When, and How, We've Used It


This document describes a few actual and imagined use cases for the ViPER set of video understanding performance evaluation tools.

Evaluating Text Detectors and Trackers

Text Detection in Video

One of the first sets of data evaluated for the VACE project was a set of frame grabs taken from various video streams. Several algorithms, developed by different teams 1, some with different parameters, were developed that attempt to detect text in video. One of the goals for evaluation was to determine the individual benefits of each algorithm. For example, we wanted to discover which perform well on text that can be automatically recognized while ignoring obscured or small text. We also wanted to examine the way the algorithms differ between text that occurs within the scene, like street signs, and graphic overlay text, like names in a news broadcast.

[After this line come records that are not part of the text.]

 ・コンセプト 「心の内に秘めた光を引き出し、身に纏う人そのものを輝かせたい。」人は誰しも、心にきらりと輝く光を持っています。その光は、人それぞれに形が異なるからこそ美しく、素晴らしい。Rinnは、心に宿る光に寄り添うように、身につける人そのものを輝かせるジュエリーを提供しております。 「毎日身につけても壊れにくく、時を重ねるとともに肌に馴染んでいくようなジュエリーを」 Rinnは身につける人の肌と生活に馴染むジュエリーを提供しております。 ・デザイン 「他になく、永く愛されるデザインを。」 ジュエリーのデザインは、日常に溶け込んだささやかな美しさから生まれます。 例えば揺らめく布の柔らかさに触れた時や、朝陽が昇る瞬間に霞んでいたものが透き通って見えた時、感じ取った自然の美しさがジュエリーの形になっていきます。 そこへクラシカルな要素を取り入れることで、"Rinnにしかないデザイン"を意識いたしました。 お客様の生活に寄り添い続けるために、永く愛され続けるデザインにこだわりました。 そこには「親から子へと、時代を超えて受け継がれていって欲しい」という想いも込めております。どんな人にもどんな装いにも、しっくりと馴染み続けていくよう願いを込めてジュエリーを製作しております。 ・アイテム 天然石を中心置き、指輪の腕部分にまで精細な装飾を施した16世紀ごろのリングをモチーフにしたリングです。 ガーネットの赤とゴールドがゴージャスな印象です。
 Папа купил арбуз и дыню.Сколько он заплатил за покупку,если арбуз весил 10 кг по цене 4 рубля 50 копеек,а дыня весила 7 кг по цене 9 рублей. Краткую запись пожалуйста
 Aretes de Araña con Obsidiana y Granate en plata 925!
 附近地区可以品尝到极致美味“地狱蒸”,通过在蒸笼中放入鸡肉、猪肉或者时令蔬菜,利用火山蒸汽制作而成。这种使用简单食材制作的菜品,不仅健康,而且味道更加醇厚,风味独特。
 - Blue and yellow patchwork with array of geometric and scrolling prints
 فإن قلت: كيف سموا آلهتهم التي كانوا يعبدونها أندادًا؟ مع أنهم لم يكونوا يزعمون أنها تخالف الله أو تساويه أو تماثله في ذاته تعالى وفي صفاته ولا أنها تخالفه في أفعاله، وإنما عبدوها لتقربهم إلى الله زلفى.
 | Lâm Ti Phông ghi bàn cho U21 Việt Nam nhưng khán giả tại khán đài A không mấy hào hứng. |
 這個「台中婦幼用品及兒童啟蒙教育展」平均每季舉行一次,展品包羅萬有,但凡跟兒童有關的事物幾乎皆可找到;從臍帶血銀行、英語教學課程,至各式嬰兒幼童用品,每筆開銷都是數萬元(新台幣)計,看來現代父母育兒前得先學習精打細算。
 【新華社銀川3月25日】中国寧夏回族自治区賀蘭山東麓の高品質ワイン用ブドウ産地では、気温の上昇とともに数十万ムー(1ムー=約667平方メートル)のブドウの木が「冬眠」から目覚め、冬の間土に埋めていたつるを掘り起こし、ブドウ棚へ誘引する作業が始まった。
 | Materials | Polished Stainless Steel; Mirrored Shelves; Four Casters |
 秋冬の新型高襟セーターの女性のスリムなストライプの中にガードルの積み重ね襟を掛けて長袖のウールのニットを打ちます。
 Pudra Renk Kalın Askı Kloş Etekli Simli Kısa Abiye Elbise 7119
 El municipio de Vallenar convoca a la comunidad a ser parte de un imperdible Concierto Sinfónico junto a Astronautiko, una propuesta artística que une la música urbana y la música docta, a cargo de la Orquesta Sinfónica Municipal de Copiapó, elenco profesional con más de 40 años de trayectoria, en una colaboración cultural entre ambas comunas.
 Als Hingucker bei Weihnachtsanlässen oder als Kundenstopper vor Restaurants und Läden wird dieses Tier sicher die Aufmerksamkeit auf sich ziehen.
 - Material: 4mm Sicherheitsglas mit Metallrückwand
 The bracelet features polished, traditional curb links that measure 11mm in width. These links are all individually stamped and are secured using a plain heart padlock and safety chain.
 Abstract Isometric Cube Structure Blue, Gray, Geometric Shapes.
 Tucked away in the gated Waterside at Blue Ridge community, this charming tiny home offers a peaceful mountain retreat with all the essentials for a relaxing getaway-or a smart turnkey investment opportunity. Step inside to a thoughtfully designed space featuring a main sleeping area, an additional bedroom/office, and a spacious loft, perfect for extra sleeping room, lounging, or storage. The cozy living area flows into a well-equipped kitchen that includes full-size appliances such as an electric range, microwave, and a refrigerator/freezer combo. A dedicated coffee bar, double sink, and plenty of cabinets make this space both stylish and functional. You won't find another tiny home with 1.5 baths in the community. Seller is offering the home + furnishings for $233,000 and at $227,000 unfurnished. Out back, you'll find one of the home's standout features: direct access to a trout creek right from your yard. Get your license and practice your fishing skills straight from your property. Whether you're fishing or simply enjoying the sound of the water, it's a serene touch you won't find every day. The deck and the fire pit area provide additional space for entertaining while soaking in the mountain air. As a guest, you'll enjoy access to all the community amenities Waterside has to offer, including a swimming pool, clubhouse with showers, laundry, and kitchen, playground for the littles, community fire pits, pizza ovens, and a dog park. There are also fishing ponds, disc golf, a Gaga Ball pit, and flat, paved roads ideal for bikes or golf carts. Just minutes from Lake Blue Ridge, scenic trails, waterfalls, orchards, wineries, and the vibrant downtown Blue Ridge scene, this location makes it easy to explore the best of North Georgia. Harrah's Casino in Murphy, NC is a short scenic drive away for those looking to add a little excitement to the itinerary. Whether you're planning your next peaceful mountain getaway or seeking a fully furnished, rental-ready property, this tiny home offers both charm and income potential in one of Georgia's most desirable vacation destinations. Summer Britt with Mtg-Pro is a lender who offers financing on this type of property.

[1] SRI, University of Maryland (Huiping Li), PSU

Example of Text Detection Output

It should also be noted that text detection is different from text recognition. Software that reads text in a video will usually follow three steps: locate the text, then binarize it, and finally pass it to an OCR package. The first step, the detection of text in a given region of the image, is what we wanted to evaluate. In order to evaluate it, we needed videos with text, and annotation describing where in the video the text occurs: the ground truth.

Ground Truth

The first step to constructing good ground truth is to design a descriptor schema. A proper schema should describe the relevant data in such a way that it is both human understandable, able to be evaluated, and extensible. Ground truth data for long media files is tedious to create, so it is best to have complete, accurate data from the beginning. Beyond the ViPER descriptor schema, there must be an agreement about what the different attributes and descriptors contained therein mean, and a document of how to apply the meaning to judge the quality of the annotation. ViPER-GT provides the tools to create ground truth, but it knows nothing about what it means. For each set of ground truth we create, we also create a set of rules for the ground truth authors. This improves coherency between authors and gives the authors an authority to turn to when deciding how to markup an edge case. For our text data set, this included information such as how to select the quality level, at what granularity to place bounding boxes, and how to markup obscured text.

The first obvious attribute for our system was Location. Specified as an oriented box (obox), it allows evaluation based on the shape and position of the boxes of text that will be fed to a recognizer. The other obvious attribute is the text itself, a string (svalue). This will allows goal based performance evaluation, in addition to tests on the box. However, that is not enough. A quality level and an indication if the text is overlaid on the scene or within the scene will help to evaluate based on quality, as well as handling the question of what to put as the string for illegible text (since they are marked as zero quality, their strings can be ignored during evaluation). Because it may impact many algorithms, we also included the intensity of the text as an lvalue, either LIGHT or DARK.

For should be noted that since the data was a collection of individual frames, we decided to use all static attributes. This helps prevents a person creating or editing ground truth against accidentally having the same box span multiple key frames. This does not prevent it entirely, as it is not uncommon to have a logo overlay the same position on many frames taken from the same video stream. For the data that was videos, we opted to leave all of the attributes static except for Location.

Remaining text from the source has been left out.